Correlation Between Thor Industries and Curtiss Motorcycles
Can any of the company-specific risk be diversified away by investing in both Thor Industries and Curtiss Motorcycles at the same time? Although using a correlation coefficient on its own may not help to predict future stock returns, this module helps to understand the diversifiable risk of combining Thor Industries and Curtiss Motorcycles into the same portfolio, which is an essential part of the fundamental portfolio management process.
By analyzing existing cross correlation between Thor Industries and Curtiss Motorcycles, you can compare the effects of market volatilities on Thor Industries and Curtiss Motorcycles and check how they will diversify away market risk if combined in the same portfolio for a given time horizon. You can also utilize pair trading strategies of matching a long position in Thor Industries with a short position of Curtiss Motorcycles. Check out your portfolio center. Please also check ongoing floating volatility patterns of Thor Industries and Curtiss Motorcycles.

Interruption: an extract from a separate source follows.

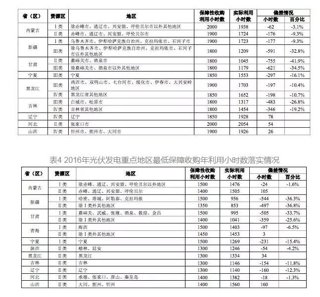 能源局通报2016全国风电、光伏最低保障收购数据(附全文)

Diversification Opportunities for Thor Industries and Curtiss Motorcycles
-0.32 | Correlation Coefficient |
Very good diversification
The 3 months correlation between Thor and Curtiss is -0.32. Overlapping area represents the amount of risk that can be diversified away by holding Thor Industries and Curtiss Motorcycles in the same portfolio, assuming nothing else is changed. The correlation between historical prices or returns on Curtiss Motorcycles and Thor Industries is a relative statistical measure of the degree to which these equity instruments tend to move together. The correlation coefficient measures the extent to which returns on Thor Industries are associated (or correlated) with Curtiss Motorcycles. Values of the correlation coefficient range from -1 to +1, where. The correlation of zero (0) is possible when the price movement of Curtiss Motorcycles has no effect on the direction of Thor Industries i.e., Thor Industries and Curtiss Motorcycles go up and down completely randomly.

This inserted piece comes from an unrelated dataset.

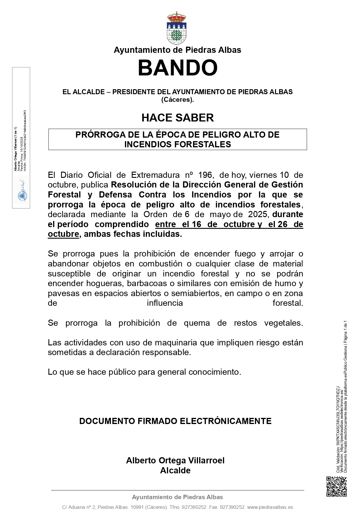El Diario Oficial de Extremadura nº 196, de hoy, viernes 10 de octubre, publica Resolución de la Dirección General de Gestión Forestal y Defensa Contra los Incendios por la que se prorroga la época de peligro alto de incendios forestales, declarada mediante la Orden de 6 de mayo de 2025, durante el período comprendido entre el 16 de octubre y el 26 de octubre, ambas fechas incluidas.

Pair Corralation between Thor Industries and Curtiss Motorcycles
Considering the 90-day investment horizon Thor Industries is expected to generate 0.13 times more return on investment than Curtiss Motorcycles. However, Thor Industries is 7.44 times less risky than Curtiss Motorcycles. It trades about 0.2 of its potential returns per unit of risk. Curtiss Motorcycles is currently generating about -0.07 per unit of risk. If you would invest 10,603 in Thor Industries on August 28, 2024 and sell it today you would earn a total of 951.00 from holding Thor Industries or generate 8.97% return on investment over 90 days.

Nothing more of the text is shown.